Le prince Ivan Ivanovitch avait eu de très bonne heure un avancement brillant, grâce à ses avantages extérieurs, à sa bravoure, à son caractère noble, grâce aussi à une famille haut placée et puissante et à une bonne chance particulière. Son intelligence était moyenne, mais il était bon et il avait des sentiments élevés. Il était un des derniers représentants de l’éducation classique française à la mode au siècle dernier. Il avait lu tous les orateurs, tous les philosophes français du XVIIIe siècle, et il aimait à citer Racine, Corneille, Boileau, Montaigne, Fénelon. Il était aussi très versé dans la mythologie. Quant aux sciences et à la littérature moderne, il n’en avait pas même une teinture.
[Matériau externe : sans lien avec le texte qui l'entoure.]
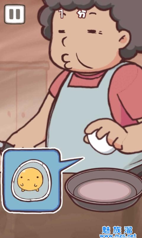 1、在这里你的唯一目标就是保护鸡蛋,在阿姨要敲开鸡蛋做料理时,快速地点击平底锅,阻止阿姨敲碎鸡蛋;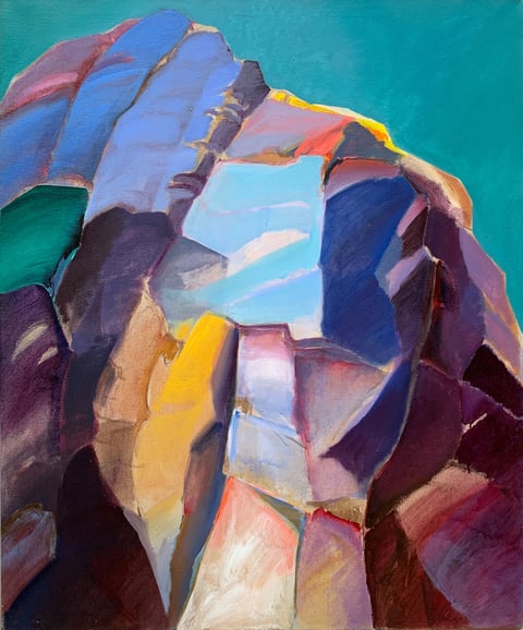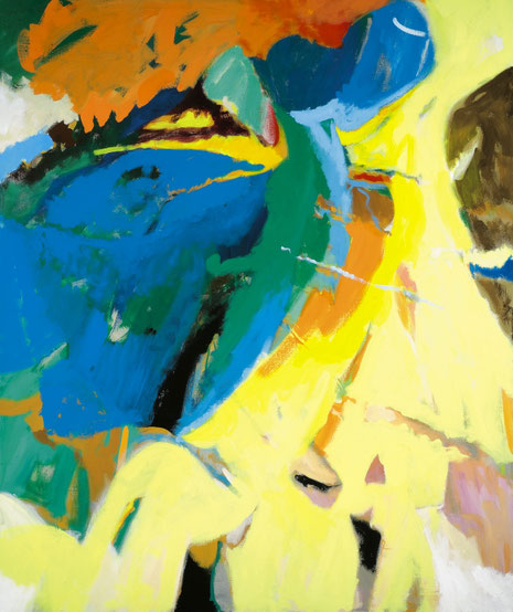 This consistent formal language is particularly evident in his painted interpretations of what he called the "Rock Images" (Felsbilder). Eschewing decorative embellishment and illustrative detail, Ganzer developed a reduced yet deeply evocative visual vocabulary. Broad, monochrome bands of color, layered one over another, formed abstracted representations of rock formations. His palette ranged from light blues and yellows to deep violets and greens.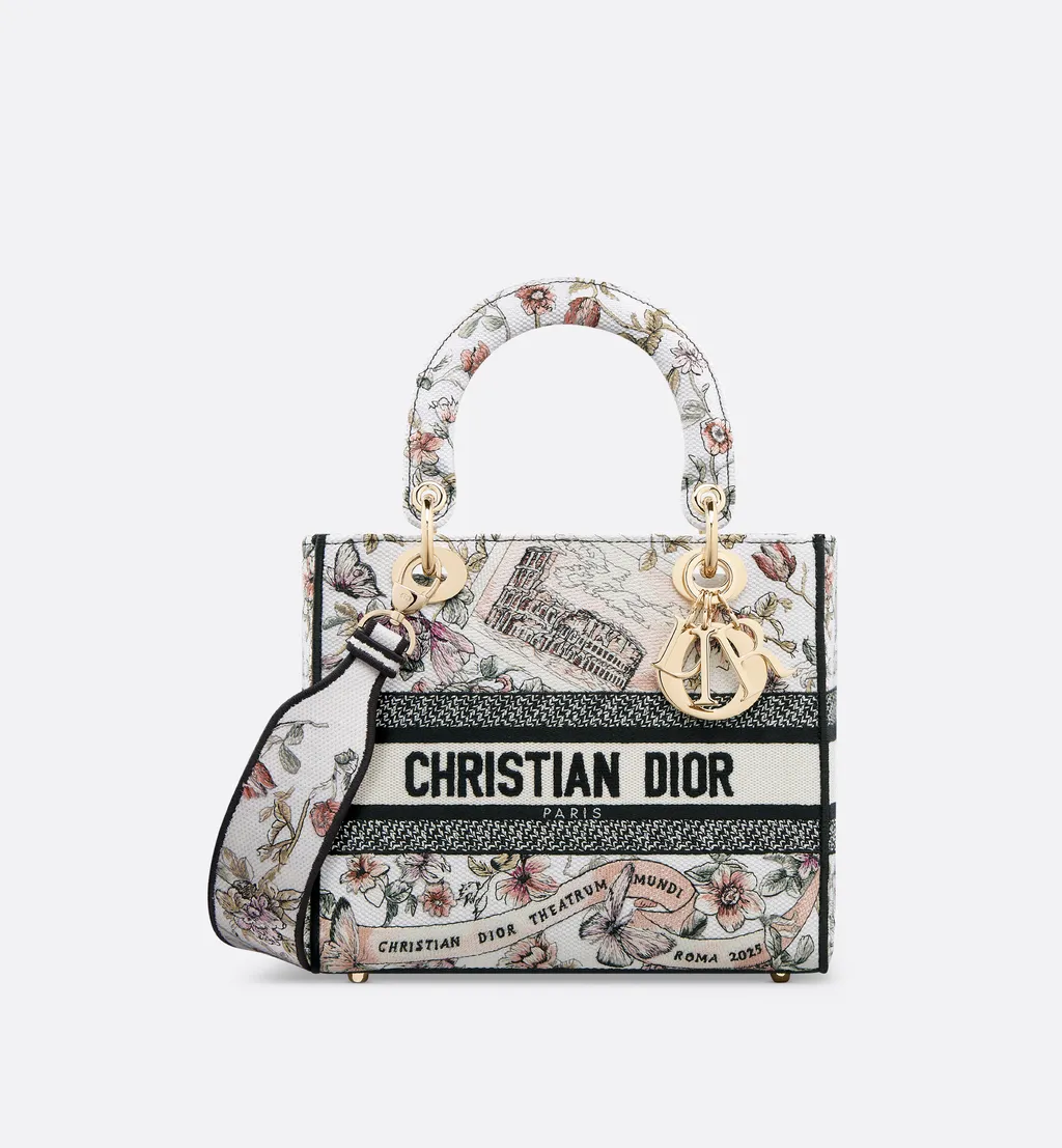 DescriptionCotton, technical fabric and calfskin bag with pietro ruffo's pink souvenir de rome motif. Features a christian dior paris signature on the front and d.i.o.r. Charms in pale gold-finish metal. Includes a wide removable strap, interior zip pocket, and large slip pocket.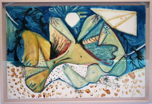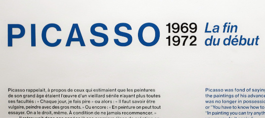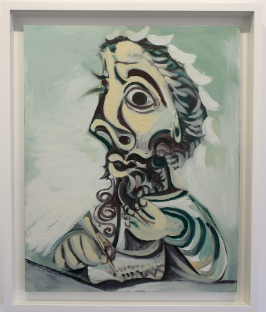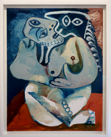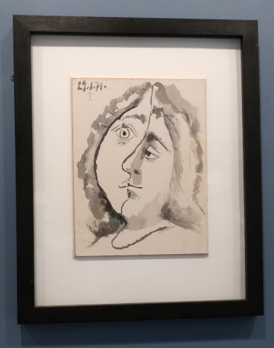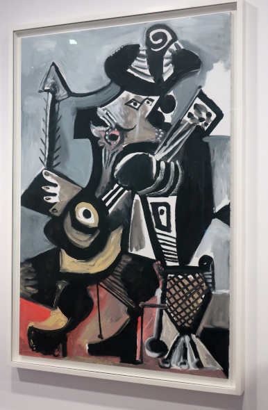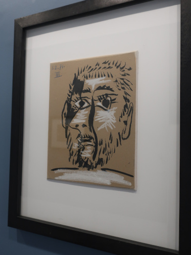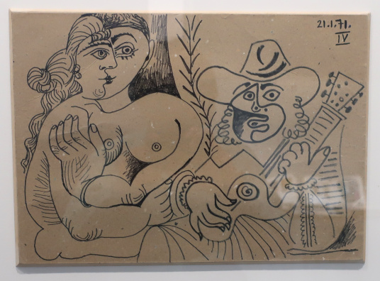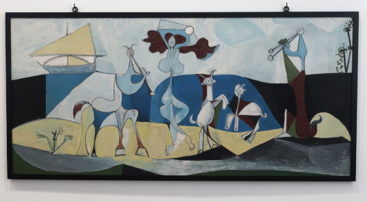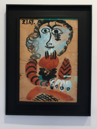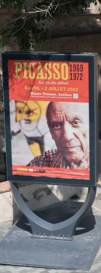 PICASSO 1969-1972 LA FIN DU DÉBUT Reviewed by ANDRE BEAUMONT 2023 is the fiftieth anniversary of Picasso's death in 1973. The Picasso Museum in Antibes has put on an exhibition of 41 works from the years 1969 to 1972, which were created in Mougins where he had his home and studio, and which is nearby. The works come from the Picasso museums in Paris and Malaga and from private and family collections. ![]() Wall text ![]() Head of a man, 1969, oil on corrugated cardboard Though they may look like some of the less finished works in the show, I took particular delight in seeing the works where he had not been precious about materials, especially the painting on cardboard above, ever so simple but in vibrant condition. We have to accept that the majority of visual art in the world will be ephemeral and so the preservation of unexpected fragments, not expected to survive, has its own allure. After all, quite a few of the paintings in the permanent collection, which date from 1946 when Picasso was resident in Chateau Grimaldi, the home of the museum, are on asbestos cement. Perhaps large canvasses were hard to come by immediately post-war and Picasso, who could paint and draw on anything, simply got on with it. ![]() These are the four other works, photographed through glass, on cardboard or mounted on cardboard. ![]() ![]() ![]() ![]() La joie de vivre, 1946, on asbestos cement (in the permanent collection) Back to oil on canvas, I like in particular the paintings that continue experimentation late into life. Unfinished some may look but they are studies in colour. He is an artist who is going to be continually reassessed because of the prolific stock of his output. ![]() Figure, 1971, (with two-dimensional speckles) ![]() Seated man (Mardi Gras), 1969 ![]() Reclining woman, 1971, has some three-dimensional speckled application of paint They are not necessarily the most sophisticated Picassos but they do portray some powerful emotions which are harder to read in the more mannered work. As he says, he is painting with swear words. ![]() The embrace, 1971 ![]() The musicians, 1971 This is a singular painting for using both two-dimensional and three-dimensional paint application with a diagonal separation. Are these male equivalents of his 1946 sirens? God and satyr? The allure and the devil? Both the emotional pull and the smoke and mirrors of making music? A stronger expression of Picasso's subconscious? ![]() Musician, 1971 A musician grown complacent under the artist's gaze? ![]() Head of a writer, 1971 It is far from an exhibition lacking bright and colourful portraiture. It is just that there is a raw undertone in some of the more powerful paintings. ![]() Ulysses and the sirens, 1946 (in the permanent collection) |

Il causait simplement et bien, détestait l’originalité sous toutes ses formes et était fort du grand monde.

La plupart de ses contemporains avaient disparu. Il ne lui restait plus beaucoup de personnes comme ma grand’mère, ayant fait partie du même cercle, ayant reçu la même éducation et partageant les mêmes manières de voir. Aussi attachait-il un grand prix à leur vieille amitié et témoignait-il toujours à ma grand’mère les plus grands égards.

Je n’osais pas lever les yeux sur lui. Ses grosses épaulettes, la déférence que chacun lui témoignait, la joie que manifesta grand’mère en l’apercevant et le fait que seul au monde il n’avait pas peur d’elle, qu’il avait son franc parler et qu’il osait même l’appeler : « ma cousine », tout cela me pénétrait pour lui d’une vénération au moins égale à celle que m’inspirait ma grand’mère. Quand on lui montra mes vers, il m’appela.